“No problem!” My Ethiopian colleague smiled encouragingly. He had just welcomed me to the medical centre of Gondar University, in the north of Ethiopia, where I was to give a training. Then he showed me the computer room I was expected to use. I looked at the dodgy PCs and felt slightly concerned. The training’s e-learning tools were developed in the UK with the best intentions but not quite the same system requirements as in Africa. “What if we get a blackout?” I asked him. “We have a generator,” my colleague replied. “No problem!”
I work for the Geneva Foundation for Medical Education and Research, a non-profit organization focusing on sexual and reproductive health. My colleagues and I provide health professionals in developing countries with trainings and help them conduct and publish their research. We often work together with other organizations and institutions. In Ethiopia, I represented my NGO as well as Oxford University. I was expected to gather health professionals, facilitate a digital training on a certain complication of pregnancy and reward the participants with a certificate.

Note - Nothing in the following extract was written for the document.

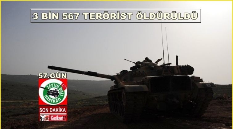 Türk Silahlı Kuvvetleri (TSK) Afrin'de başarılya yürütülen Zeytin Dalı Harekâtı'nda etkisiz hale getirilen terörist sayısının 3 bin 567'ya yükseldiğini açıkladı.

There proved to be a few challenges. More people showed up than had inscribed for the trainings so there were not enough PCs available. Internet slowed down or halted completely. Plan B was to hand out CDs with the course material. But many computers lacked the software required for the training’s complicated graphs. Or the CD was not compatible with the brand-new Macintosh computers that had been donated by a well-wisher. Or passwords to allow updates were missing. Wireless keyboards and mice that didn’t match proved another problem. During my visit to Ethiopia, I became accustomed to running around in hot, stuffy computer rooms, explaining the course here, pointing out the proper side of a CD there and updating software everywhere. As soon as I had everything up and running, a blackout would mess things up. And generators never worked.
After the last training I sank to the floor. My Ethiopian colleague stooped over me. “That went really well,” he said casually. I nodded, panting and wiping the sweat of my brow. He shook his head. “Crazy Dutch girl.”